Raw data:
*** Block opens ***
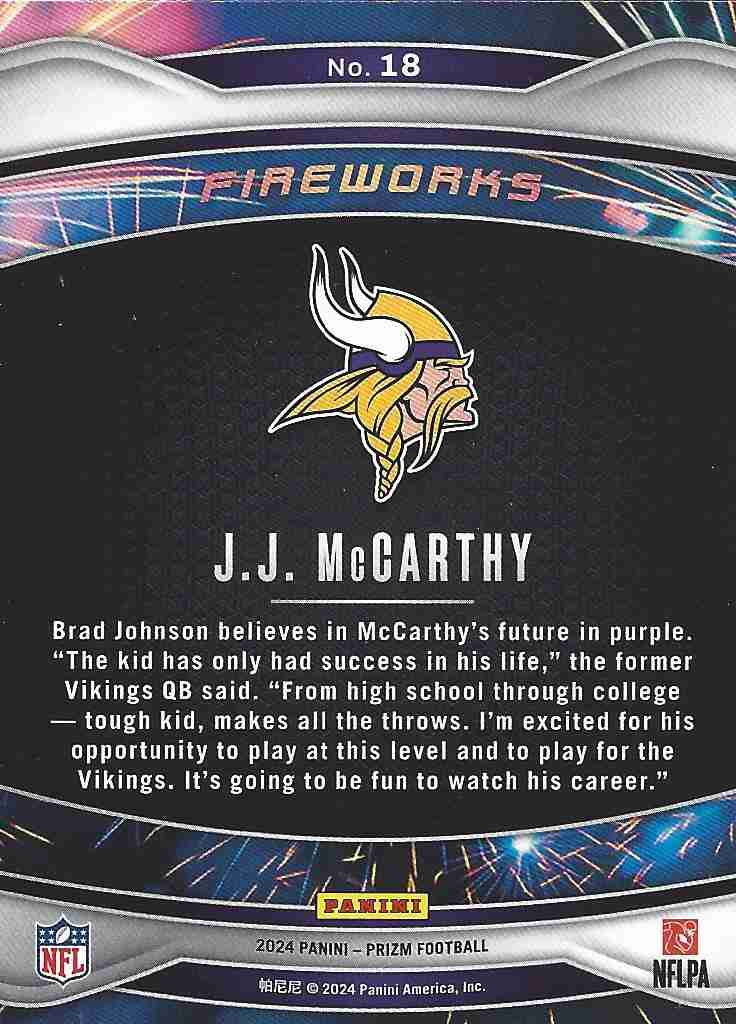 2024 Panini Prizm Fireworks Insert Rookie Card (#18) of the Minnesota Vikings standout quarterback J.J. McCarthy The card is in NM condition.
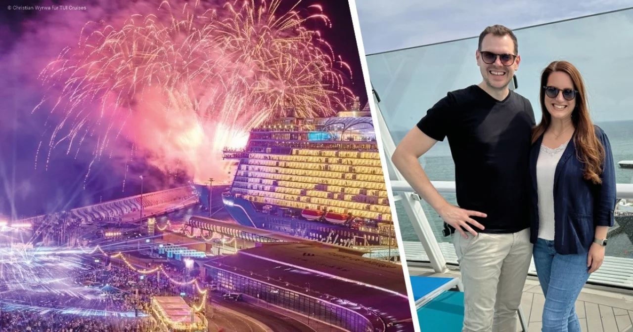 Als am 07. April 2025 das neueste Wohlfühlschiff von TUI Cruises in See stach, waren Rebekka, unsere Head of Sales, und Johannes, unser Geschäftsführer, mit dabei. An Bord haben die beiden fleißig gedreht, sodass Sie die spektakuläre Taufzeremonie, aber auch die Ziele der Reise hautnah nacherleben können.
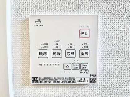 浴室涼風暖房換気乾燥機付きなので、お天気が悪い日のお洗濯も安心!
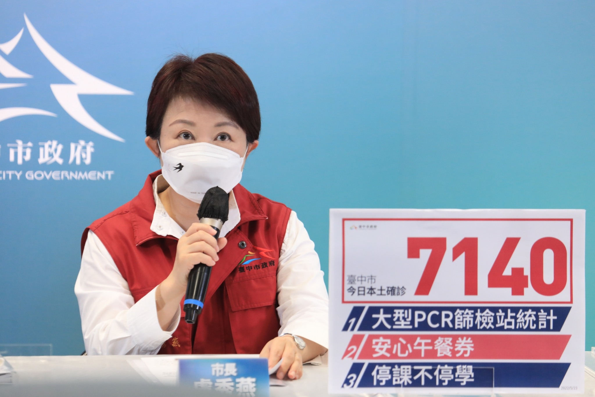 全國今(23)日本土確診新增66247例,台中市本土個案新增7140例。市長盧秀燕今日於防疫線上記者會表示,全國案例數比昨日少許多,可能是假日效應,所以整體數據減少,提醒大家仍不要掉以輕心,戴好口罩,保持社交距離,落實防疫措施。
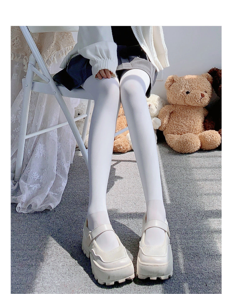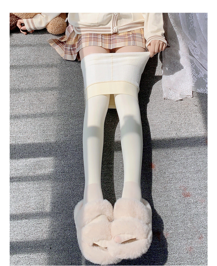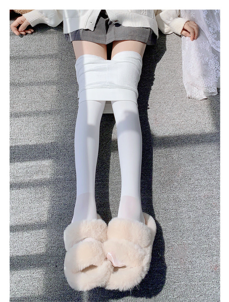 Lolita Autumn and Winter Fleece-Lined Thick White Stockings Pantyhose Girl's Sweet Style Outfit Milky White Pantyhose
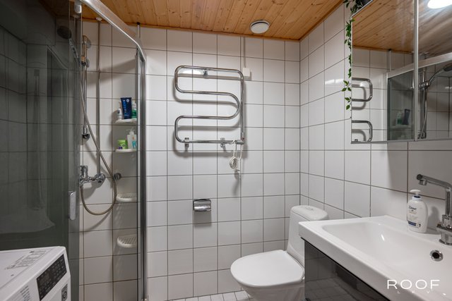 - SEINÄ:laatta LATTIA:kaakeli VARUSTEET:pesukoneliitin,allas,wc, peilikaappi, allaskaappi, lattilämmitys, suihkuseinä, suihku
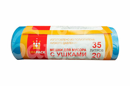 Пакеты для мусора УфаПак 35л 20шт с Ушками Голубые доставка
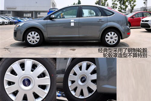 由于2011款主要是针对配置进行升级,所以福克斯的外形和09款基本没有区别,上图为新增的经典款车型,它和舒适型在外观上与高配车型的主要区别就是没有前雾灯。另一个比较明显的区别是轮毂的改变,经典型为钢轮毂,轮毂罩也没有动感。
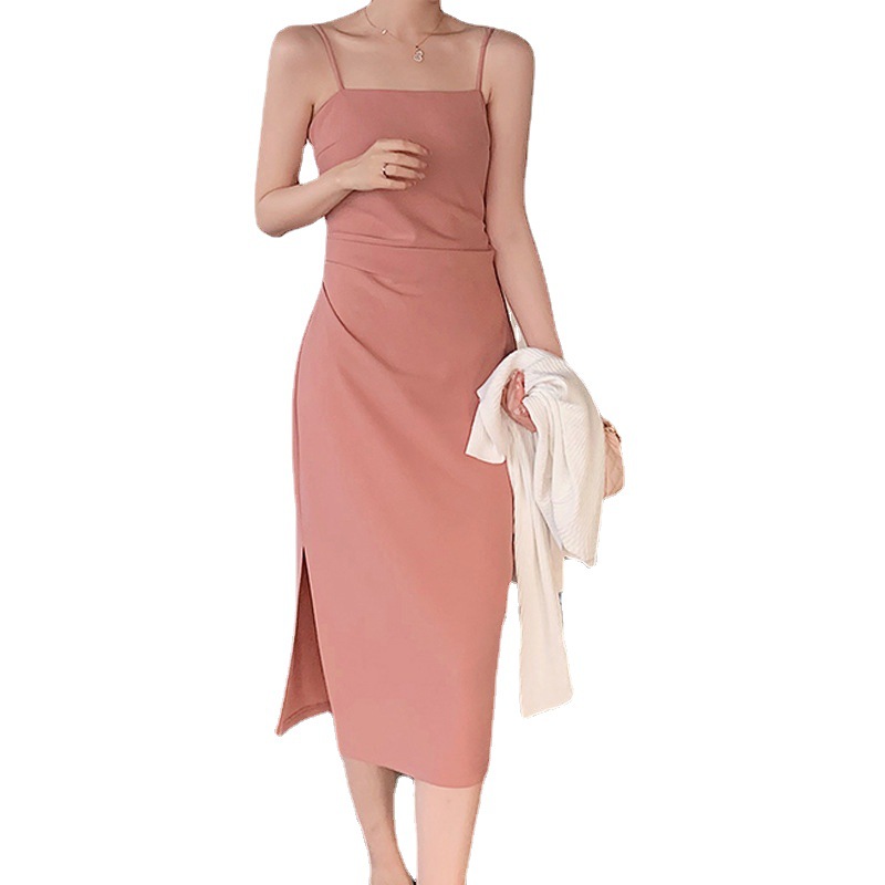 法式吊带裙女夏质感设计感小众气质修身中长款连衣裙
*** Block closes ***
Prompt:
Copy nothing but the lines from the top of the data down to the line containing "全國今(23)日本土確診新增", and leave the pictures out.

Worked solution:
 2024 Panini Prizm Fireworks Insert Rookie Card (#18) of the Minnesota Vikings standout quarterback J.J. McCarthy The card is in NM condition.
 Als am 07. April 2025 das neueste Wohlfühlschiff von TUI Cruises in See stach, waren Rebekka, unsere Head of Sales, und Johannes, unser Geschäftsführer, mit dabei. An Bord haben die beiden fleißig gedreht, sodass Sie die spektakuläre Taufzeremonie, aber auch die Ziele der Reise hautnah nacherleben können.
 浴室涼風暖房換気乾燥機付きなので、お天気が悪い日のお洗濯も安心!
 全國今(23)日本土確診新增66247例,台中市本土個案新增7140例。市長盧秀燕今日於防疫線上記者會表示,全國案例數比昨日少許多,可能是假日效應,所以整體數據減少,提醒大家仍不要掉以輕心,戴好口罩,保持社交距離,落實防疫措施。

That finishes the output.